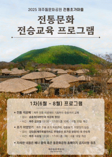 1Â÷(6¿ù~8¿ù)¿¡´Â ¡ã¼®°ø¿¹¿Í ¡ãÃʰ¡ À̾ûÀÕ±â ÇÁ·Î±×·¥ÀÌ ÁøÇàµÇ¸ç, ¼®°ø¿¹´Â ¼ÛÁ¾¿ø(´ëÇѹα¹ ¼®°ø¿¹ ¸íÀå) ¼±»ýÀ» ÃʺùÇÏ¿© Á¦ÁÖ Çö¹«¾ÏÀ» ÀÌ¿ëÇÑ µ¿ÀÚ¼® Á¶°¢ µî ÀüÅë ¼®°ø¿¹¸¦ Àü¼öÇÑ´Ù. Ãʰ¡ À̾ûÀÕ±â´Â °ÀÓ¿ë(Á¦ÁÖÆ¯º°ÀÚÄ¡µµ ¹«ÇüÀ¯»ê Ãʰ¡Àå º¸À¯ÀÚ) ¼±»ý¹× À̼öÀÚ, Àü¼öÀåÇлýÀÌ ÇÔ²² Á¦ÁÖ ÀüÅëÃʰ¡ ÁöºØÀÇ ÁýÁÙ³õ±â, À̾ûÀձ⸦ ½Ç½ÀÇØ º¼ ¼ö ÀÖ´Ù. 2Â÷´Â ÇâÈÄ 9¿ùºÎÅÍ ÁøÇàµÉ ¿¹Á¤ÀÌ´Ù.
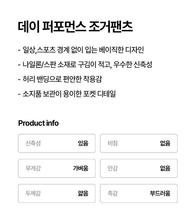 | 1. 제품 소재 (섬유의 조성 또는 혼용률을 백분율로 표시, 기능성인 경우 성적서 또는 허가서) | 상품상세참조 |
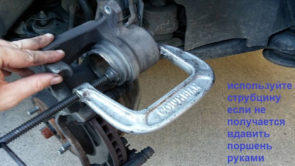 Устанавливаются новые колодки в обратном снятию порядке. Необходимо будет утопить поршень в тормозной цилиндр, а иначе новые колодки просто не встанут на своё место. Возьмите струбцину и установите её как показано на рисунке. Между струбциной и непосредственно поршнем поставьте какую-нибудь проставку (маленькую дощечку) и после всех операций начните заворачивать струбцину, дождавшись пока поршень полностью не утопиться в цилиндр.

****************

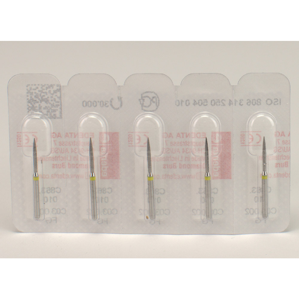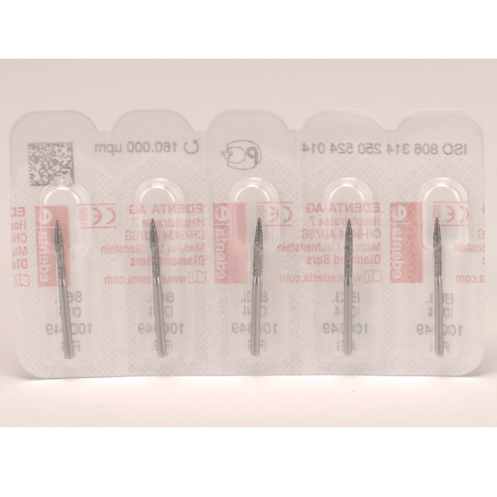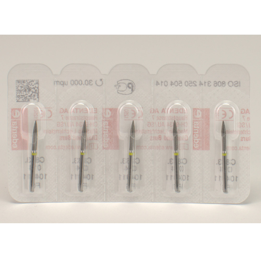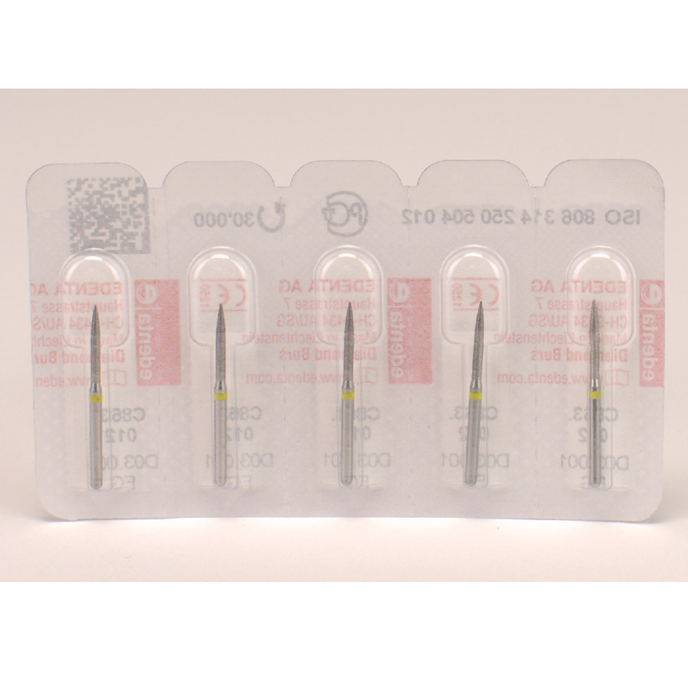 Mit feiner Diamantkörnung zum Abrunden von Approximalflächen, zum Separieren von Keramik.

****************

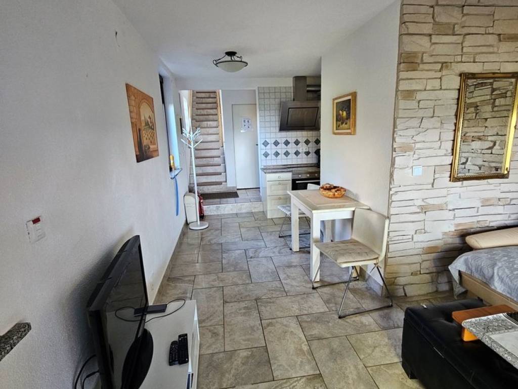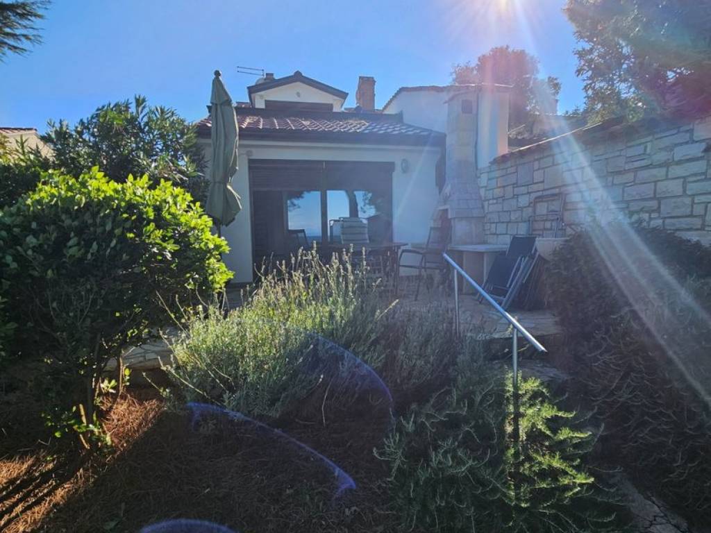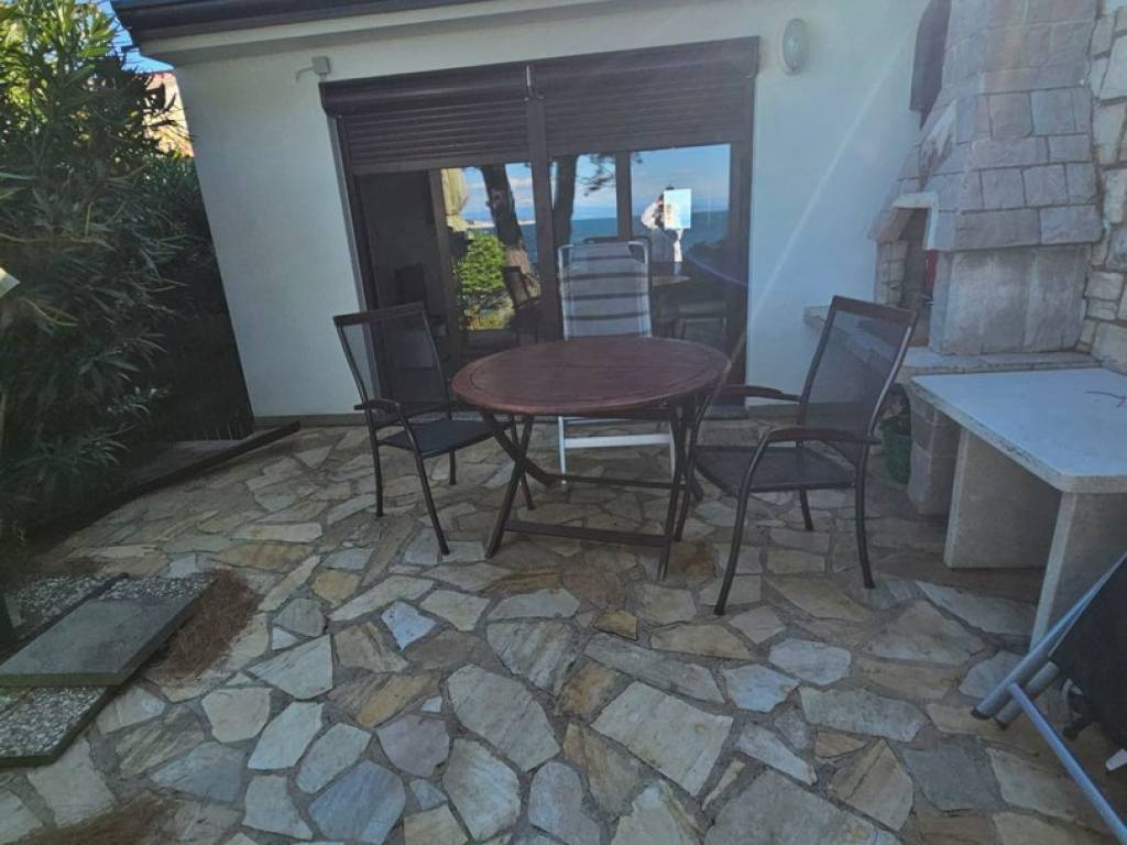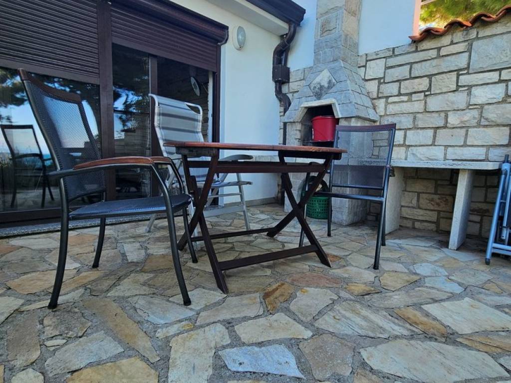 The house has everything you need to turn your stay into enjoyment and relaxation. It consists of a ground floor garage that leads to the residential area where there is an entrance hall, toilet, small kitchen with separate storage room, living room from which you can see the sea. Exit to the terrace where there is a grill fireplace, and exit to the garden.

****************

→ YOUR INSTRUCTIONS:
From the records above, copy exactly the stretch from the line holding "허가서) | 상품상세참조 |" through the line holding "Устанавливаются новые колодки", both ends included, without the pictures.

→ EXERCISE ANSWER:
 | 1. 제품 소재 (섬유의 조성 또는 혼용률을 백분율로 표시, 기능성인 경우 성적서 또는 허가서) | 상품상세참조 |
 Устанавливаются новые колодки в обратном снятию порядке. Необходимо будет утопить поршень в тормозной цилиндр, а иначе новые колодки просто не встанут на своё место. Возьмите струбцину и установите её как показано на рисунке. Между струбциной и непосредственно поршнем поставьте какую-нибудь проставку (маленькую дощечку) и после всех операций начните заворачивать струбцину, дождавшись пока поршень полностью не утопиться в цилиндр.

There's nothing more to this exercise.